Cytarabine Injection is not active orally. The schedule and method of administration vary with the program of therapy to be used. Cytarabine Injection may be given by intravenous infusion or injection, subcutaneously, or intrathecally (preservative-free preparation only).

In the induction therapy of acute non-lymphocytic leukemia, the usual cytarabine dose in combination with other anticancer drugs is 100 mg/m²/day by continuous IV infusion (1 to 7 days) or 100 mg/m² IV every 12 hours (1 to 7 days). The literature should be consulted for the current recommendations for use in acute lymphocytic leukemia.

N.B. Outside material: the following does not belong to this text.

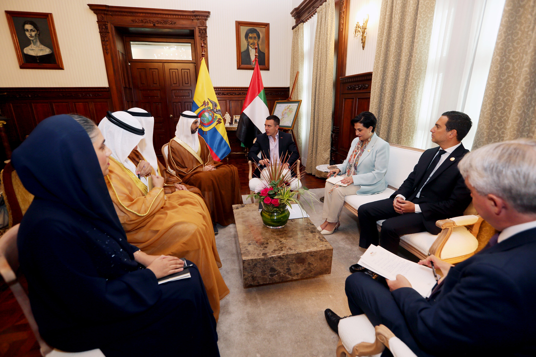 Quito fue sede este 21 de junio del Primer Foro Económico y de Inversiones Ecuador–Emiratos Árabes Unidos, un encuentro de alto nivel que refuerza la política exterior del Gobierno ecuatoriano enfocada en la cooperación para el desarrollo. La delegación emiratí, encabezada por su Excelencia Omar Sultán Al Olama, ministro de Estado para Inteligencia Artificial, Economía Digital y Aplicaciones de Teletrabajo, fue recibida por el presidente Daniel Noboa en Carondelet, donde se reafirmó el compromiso bilateral.

Intrathecal use in meningeal leukemia: Cytarabine Injection has been used intrathecally in acute leukemia in doses ranging from 5 mg/m² to 75 mg/m² of body surface area.

Cytarabine Injection is contraindicated in patients who are hypersensitive to the drug.

Common: Anorexia, oral and anal inflammation, nausea or ulceration, thrombophlebitis, vomiting, hepatic dysfunction, bleeding (all sites), diarrhea, fever.

Rare: Sepsis, sore throat, conjunctivitis, pneumonia, alopecia, urinary retention, allergic edema.

Pregnancy: Teratogenic effects. Pregnancy Category D.

Nursing mothers: It is not known whether this drug is excreted in human milk.

Use in children & adolescents: See indications and usage.

Cytarabine is a potent bone marrow suppressant. Therapy should be started cautiously in patients with pre-existing drug-induced bone marrow suppression. Patients receiving cytarabine must be monitored closely. Frequent platelet and leucocyte counts and bone marrow examinations are mandatory.

There is no antidote for overdosage of cytarabine.

Store at a temperature not exceeding 30°C in a dry place. Protect from light.